AIM OF THE EXERCISE
Print word for word the first line of the listing below and every line after it, through the line with "El impacto fue". Leave out the pictures and the rest.

RECORD EXTRACTS
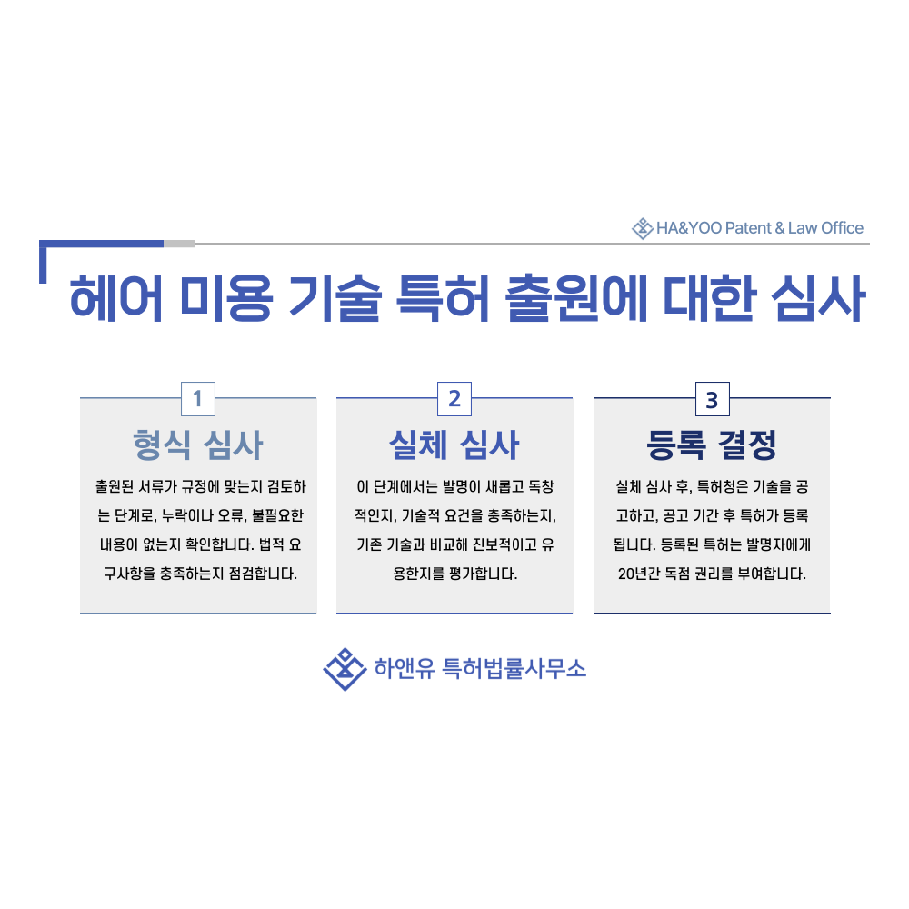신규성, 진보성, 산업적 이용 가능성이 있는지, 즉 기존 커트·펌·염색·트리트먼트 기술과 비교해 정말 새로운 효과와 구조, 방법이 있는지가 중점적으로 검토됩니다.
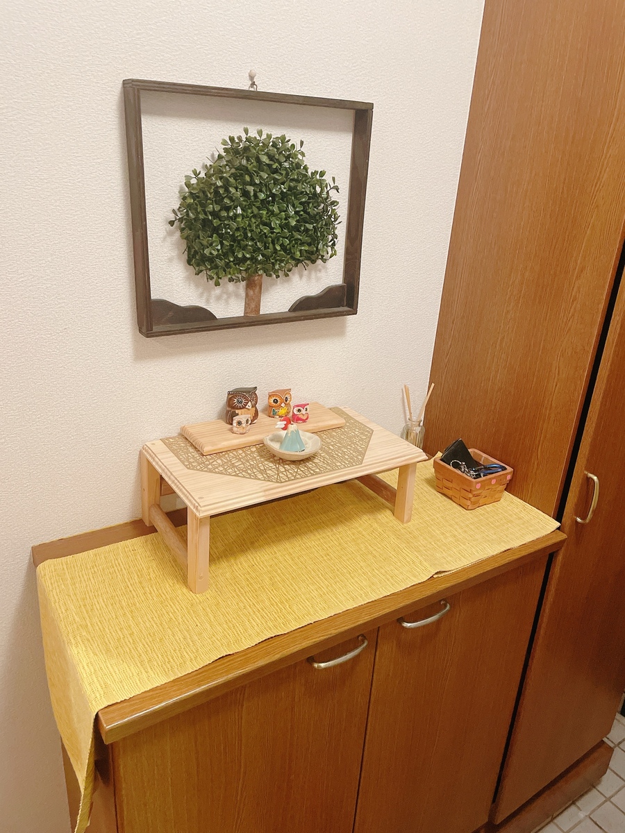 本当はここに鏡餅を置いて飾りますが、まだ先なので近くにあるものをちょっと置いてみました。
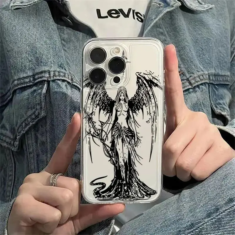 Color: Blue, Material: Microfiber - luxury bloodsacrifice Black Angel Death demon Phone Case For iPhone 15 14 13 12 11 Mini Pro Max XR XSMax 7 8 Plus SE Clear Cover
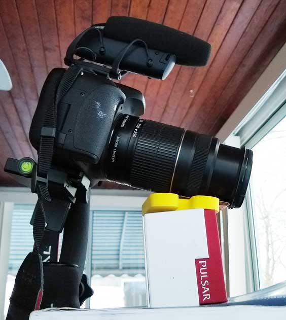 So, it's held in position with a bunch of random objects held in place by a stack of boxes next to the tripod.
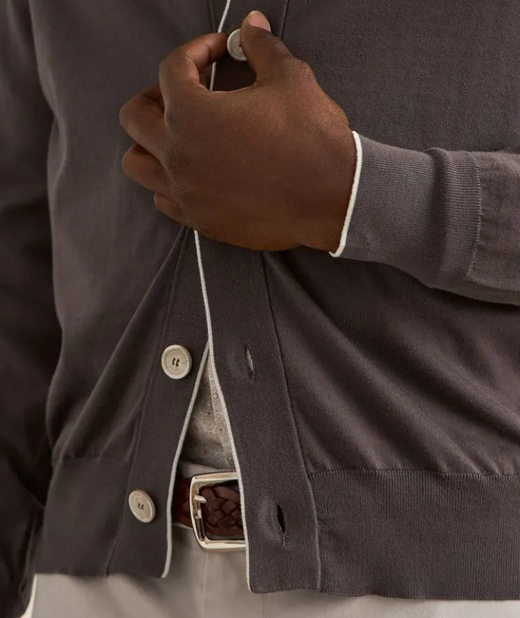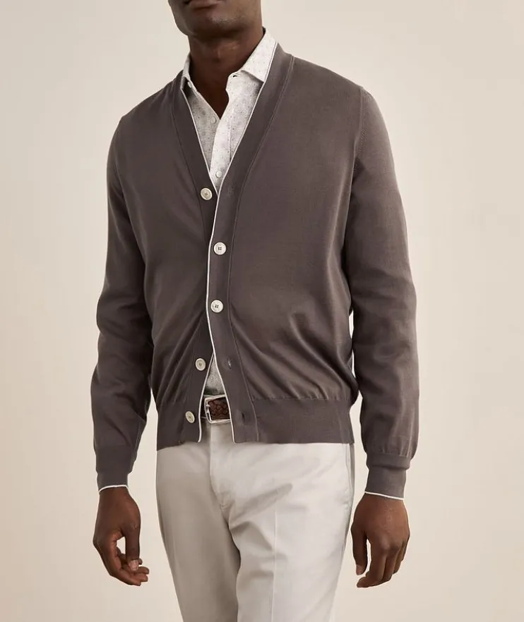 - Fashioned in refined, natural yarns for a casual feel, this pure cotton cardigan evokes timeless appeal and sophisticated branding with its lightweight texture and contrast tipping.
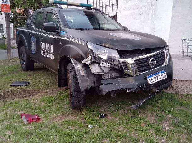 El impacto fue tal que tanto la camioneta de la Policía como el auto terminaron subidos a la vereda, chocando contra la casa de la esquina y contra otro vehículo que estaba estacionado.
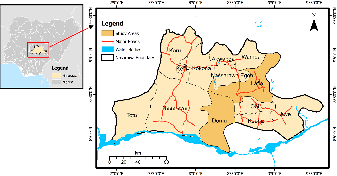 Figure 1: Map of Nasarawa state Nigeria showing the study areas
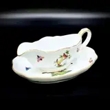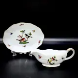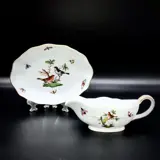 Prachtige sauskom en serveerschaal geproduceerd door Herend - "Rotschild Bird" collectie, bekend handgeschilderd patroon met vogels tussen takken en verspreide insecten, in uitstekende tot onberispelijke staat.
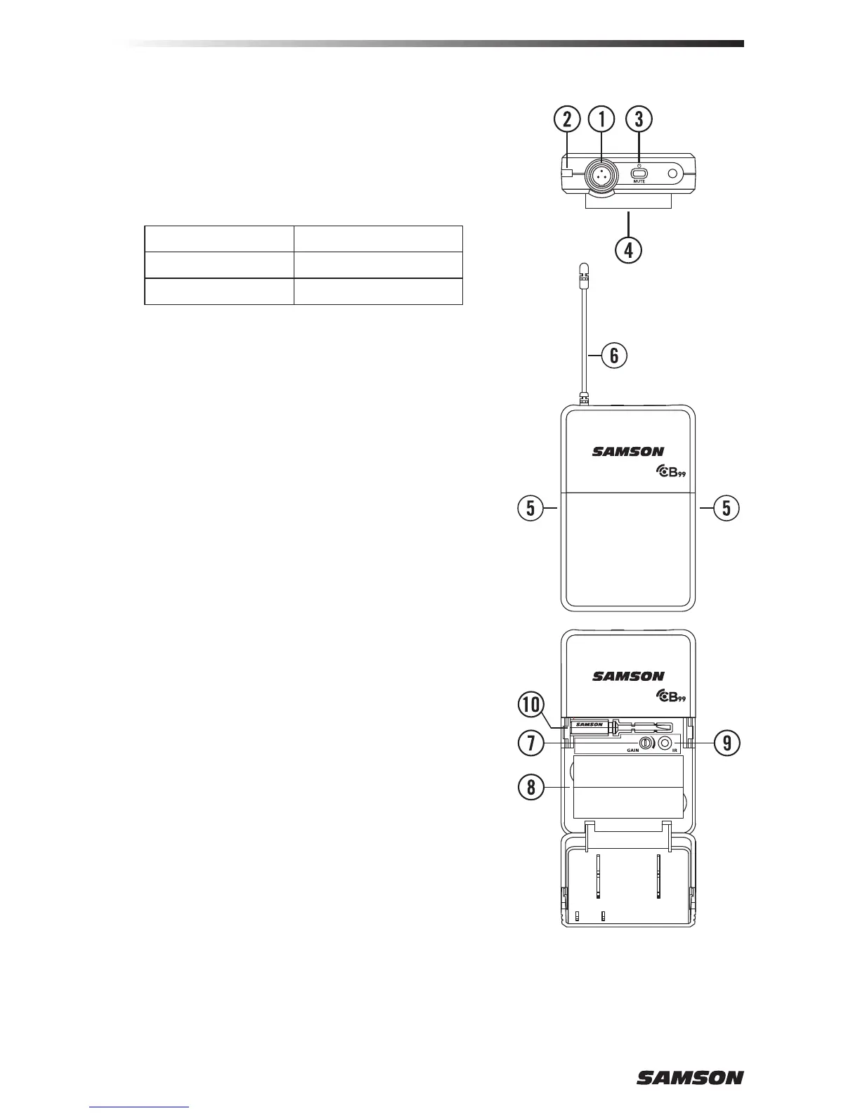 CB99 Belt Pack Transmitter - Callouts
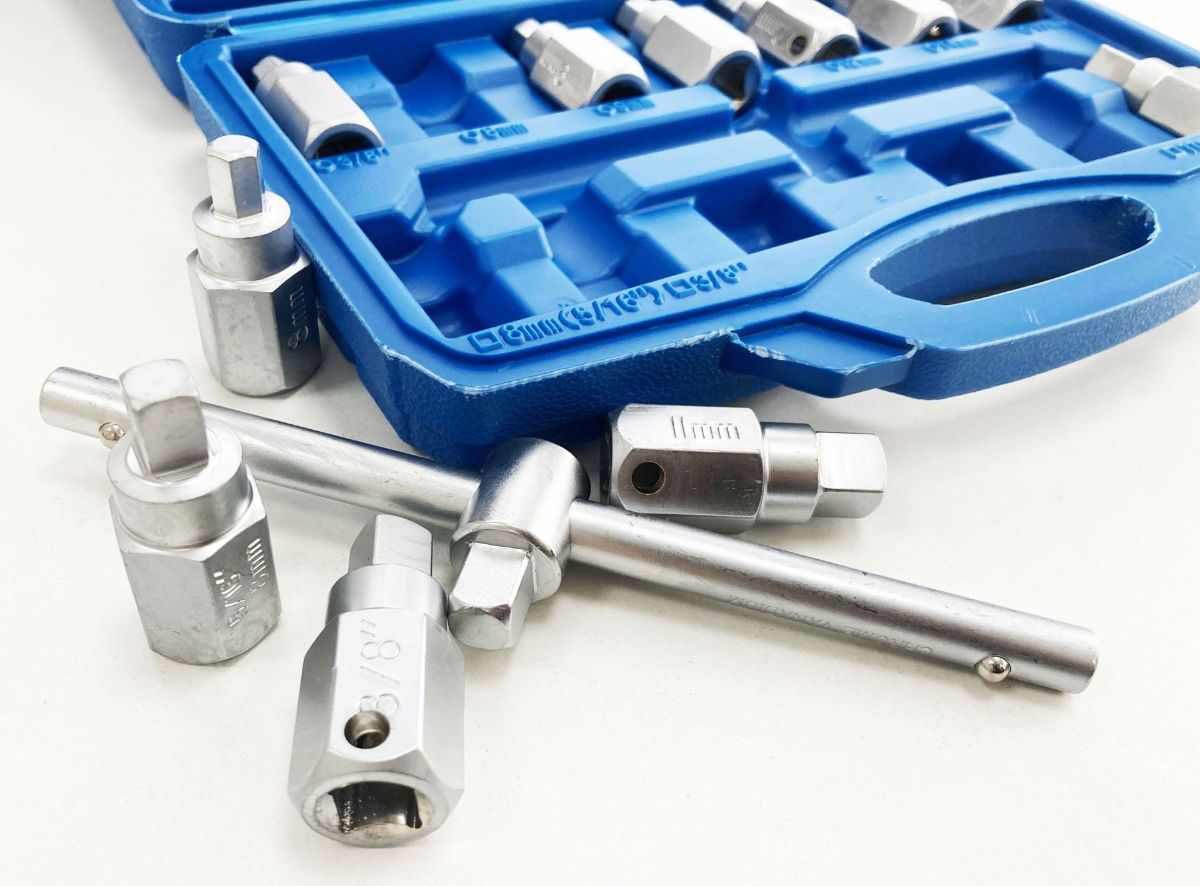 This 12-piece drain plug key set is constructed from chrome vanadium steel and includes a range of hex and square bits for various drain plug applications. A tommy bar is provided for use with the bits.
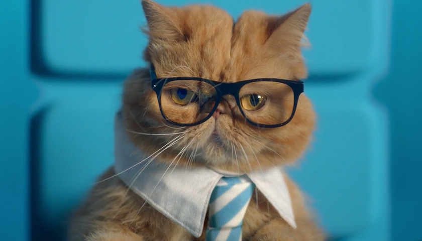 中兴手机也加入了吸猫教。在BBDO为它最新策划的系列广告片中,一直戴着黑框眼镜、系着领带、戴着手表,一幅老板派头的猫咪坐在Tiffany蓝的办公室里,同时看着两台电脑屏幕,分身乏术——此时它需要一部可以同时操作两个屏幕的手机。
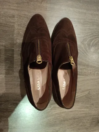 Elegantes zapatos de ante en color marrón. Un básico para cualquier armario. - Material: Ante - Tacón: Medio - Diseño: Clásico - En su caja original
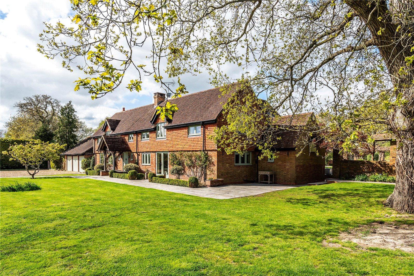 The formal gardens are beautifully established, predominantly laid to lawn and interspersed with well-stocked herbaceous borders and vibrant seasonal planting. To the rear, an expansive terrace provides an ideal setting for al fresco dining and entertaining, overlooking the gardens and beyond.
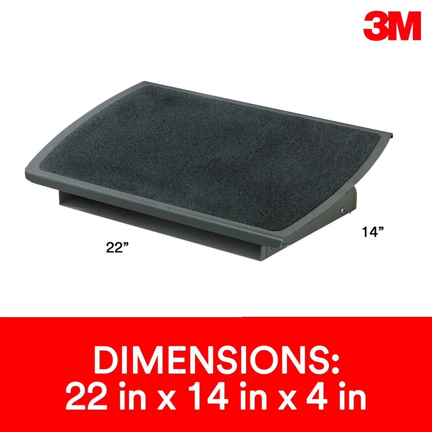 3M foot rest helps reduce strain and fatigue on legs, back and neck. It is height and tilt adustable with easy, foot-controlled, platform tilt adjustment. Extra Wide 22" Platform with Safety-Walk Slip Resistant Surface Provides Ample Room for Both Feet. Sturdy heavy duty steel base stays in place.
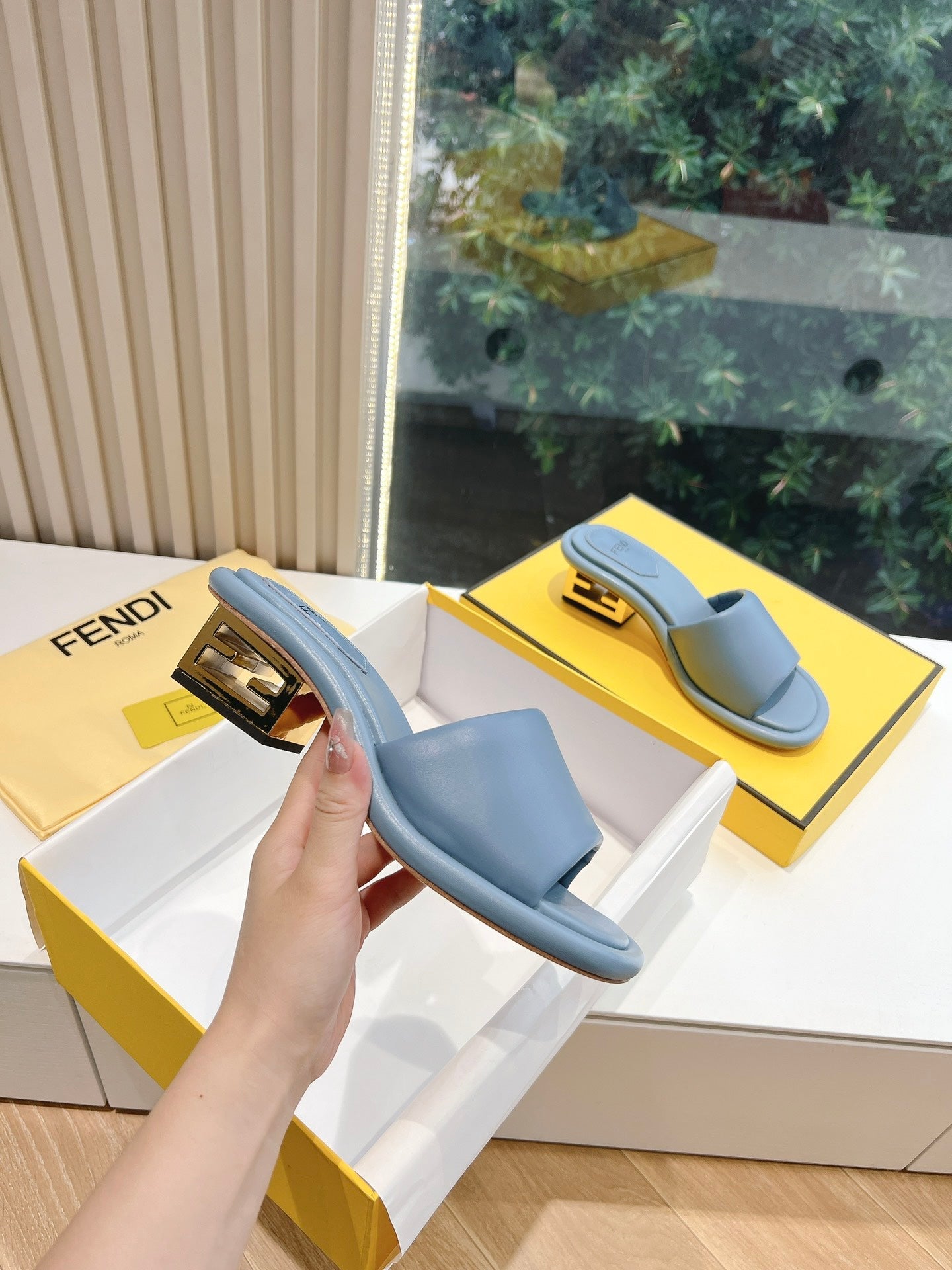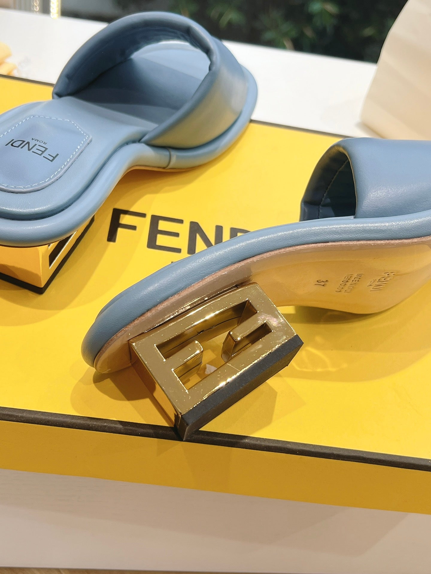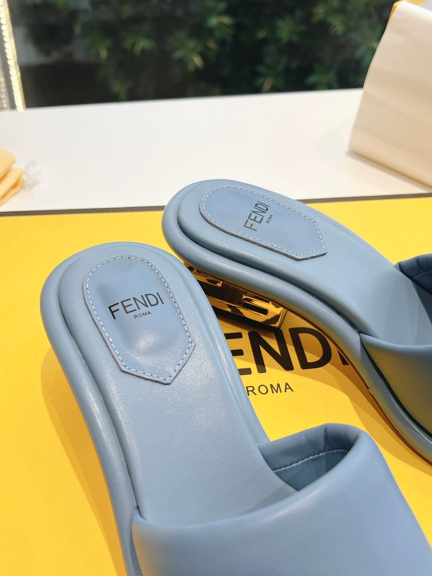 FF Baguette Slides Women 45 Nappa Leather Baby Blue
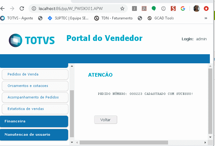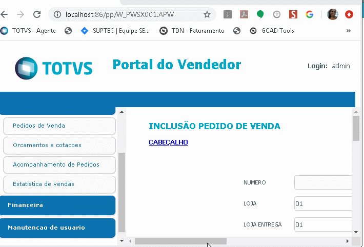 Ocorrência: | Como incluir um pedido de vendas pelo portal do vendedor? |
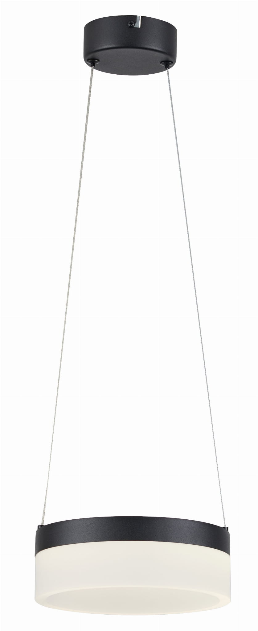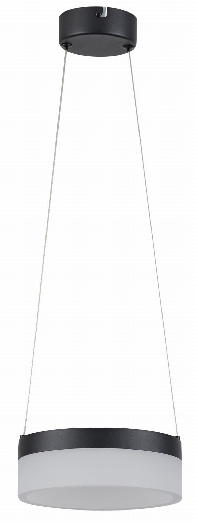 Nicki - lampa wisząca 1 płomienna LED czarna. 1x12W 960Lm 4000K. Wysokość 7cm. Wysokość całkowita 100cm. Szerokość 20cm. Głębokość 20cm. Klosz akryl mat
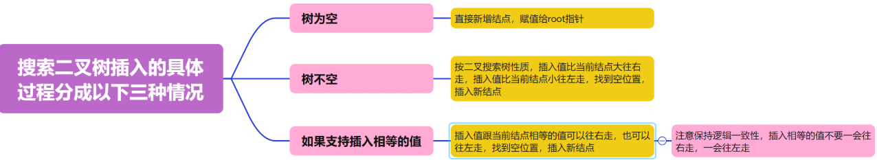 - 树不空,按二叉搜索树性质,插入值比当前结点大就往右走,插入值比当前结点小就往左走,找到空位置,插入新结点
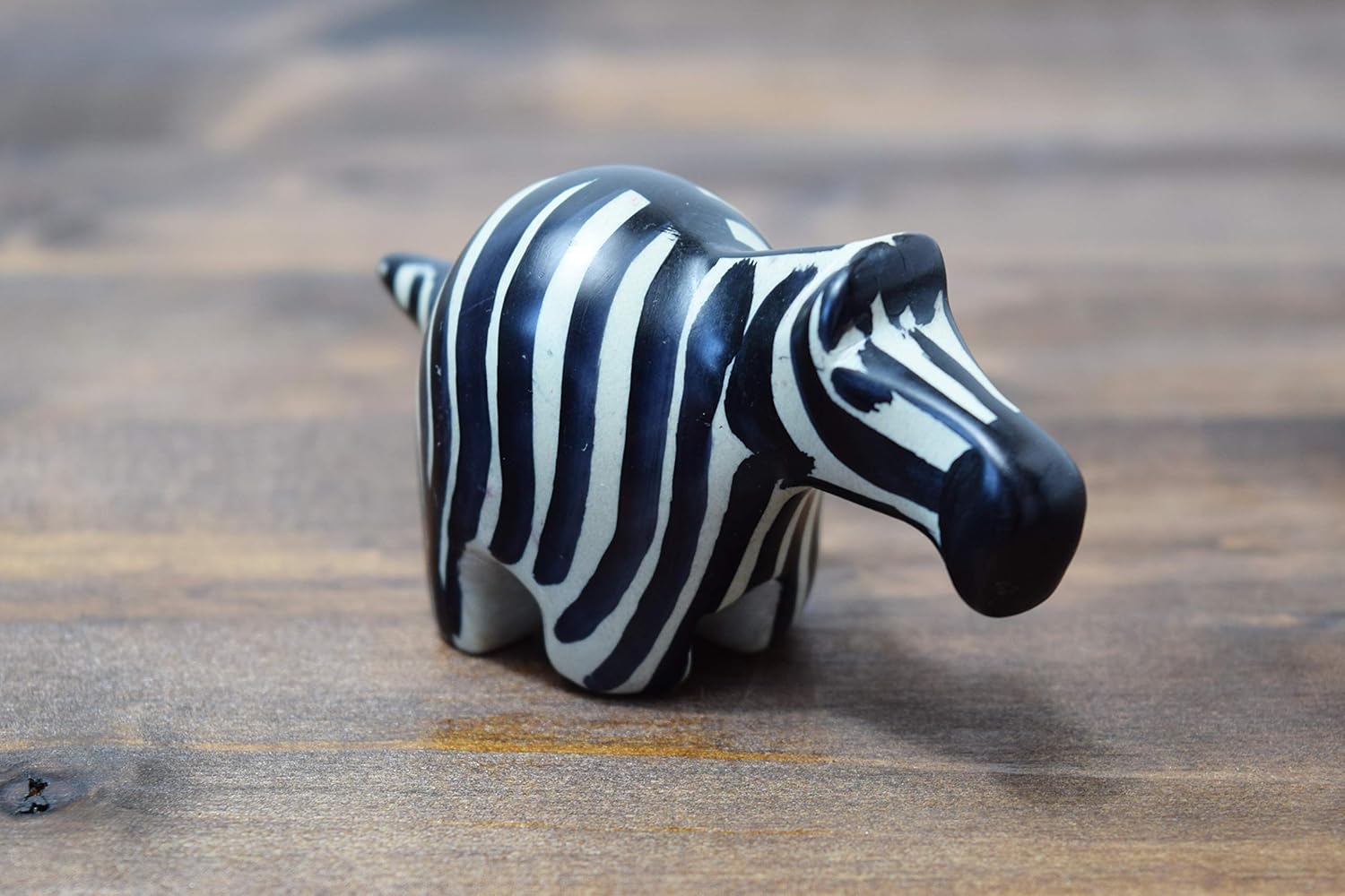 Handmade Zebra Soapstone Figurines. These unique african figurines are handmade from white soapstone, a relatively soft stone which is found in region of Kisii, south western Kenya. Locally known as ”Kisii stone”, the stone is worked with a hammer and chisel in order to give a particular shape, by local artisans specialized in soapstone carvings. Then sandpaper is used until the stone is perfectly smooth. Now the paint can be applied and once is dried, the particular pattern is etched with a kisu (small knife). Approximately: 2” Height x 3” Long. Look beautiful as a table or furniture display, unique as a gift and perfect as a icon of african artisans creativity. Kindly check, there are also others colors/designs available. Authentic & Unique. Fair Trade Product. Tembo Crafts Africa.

ANSWER SECTION
신규성, 진보성, 산업적 이용 가능성이 있는지, 즉 기존 커트·펌·염색·트리트먼트 기술과 비교해 정말 새로운 효과와 구조, 방법이 있는지가 중점적으로 검토됩니다.
 本当はここに鏡餅を置いて飾りますが、まだ先なので近くにあるものをちょっと置いてみました。
 Color: Blue, Material: Microfiber - luxury bloodsacrifice Black Angel Death demon Phone Case For iPhone 15 14 13 12 11 Mini Pro Max XR XSMax 7 8 Plus SE Clear Cover
 So, it's held in position with a bunch of random objects held in place by a stack of boxes next to the tripod.
 - Fashioned in refined, natural yarns for a casual feel, this pure cotton cardigan evokes timeless appeal and sophisticated branding with its lightweight texture and contrast tipping.
 El impacto fue tal que tanto la camioneta de la Policía como el auto terminaron subidos a la vereda, chocando contra la casa de la esquina y contra otro vehículo que estaba estacionado.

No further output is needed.